MATERIAL PROVIDED
>>>
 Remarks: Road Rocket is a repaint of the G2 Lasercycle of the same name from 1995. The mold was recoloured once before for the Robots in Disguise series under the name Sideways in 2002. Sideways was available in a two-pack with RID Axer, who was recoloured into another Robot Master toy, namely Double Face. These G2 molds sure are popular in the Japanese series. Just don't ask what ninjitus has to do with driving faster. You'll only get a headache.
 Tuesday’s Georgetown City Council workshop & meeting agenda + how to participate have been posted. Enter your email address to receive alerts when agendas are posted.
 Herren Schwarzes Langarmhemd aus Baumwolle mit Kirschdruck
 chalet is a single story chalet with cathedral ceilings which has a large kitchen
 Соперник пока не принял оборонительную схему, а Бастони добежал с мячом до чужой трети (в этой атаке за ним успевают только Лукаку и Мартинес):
<<<
>>>
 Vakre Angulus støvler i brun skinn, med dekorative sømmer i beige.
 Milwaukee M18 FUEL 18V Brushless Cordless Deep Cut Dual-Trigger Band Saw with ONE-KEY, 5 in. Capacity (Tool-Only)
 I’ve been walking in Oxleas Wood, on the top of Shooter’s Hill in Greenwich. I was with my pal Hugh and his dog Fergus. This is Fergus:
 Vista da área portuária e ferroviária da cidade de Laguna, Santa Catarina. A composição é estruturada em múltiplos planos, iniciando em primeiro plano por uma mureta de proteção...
<<<
ASSIGNED TASK
Take from the material every line that holds "been".

TASK RESULT
 Tuesday’s Georgetown City Council workshop & meeting agenda + how to participate have been posted. Enter your email address to receive alerts when agendas are posted.
 I’ve been walking in Oxleas Wood, on the top of Shooter’s Hill in Greenwich. I was with my pal Hugh and his dog Fergus. This is Fergus:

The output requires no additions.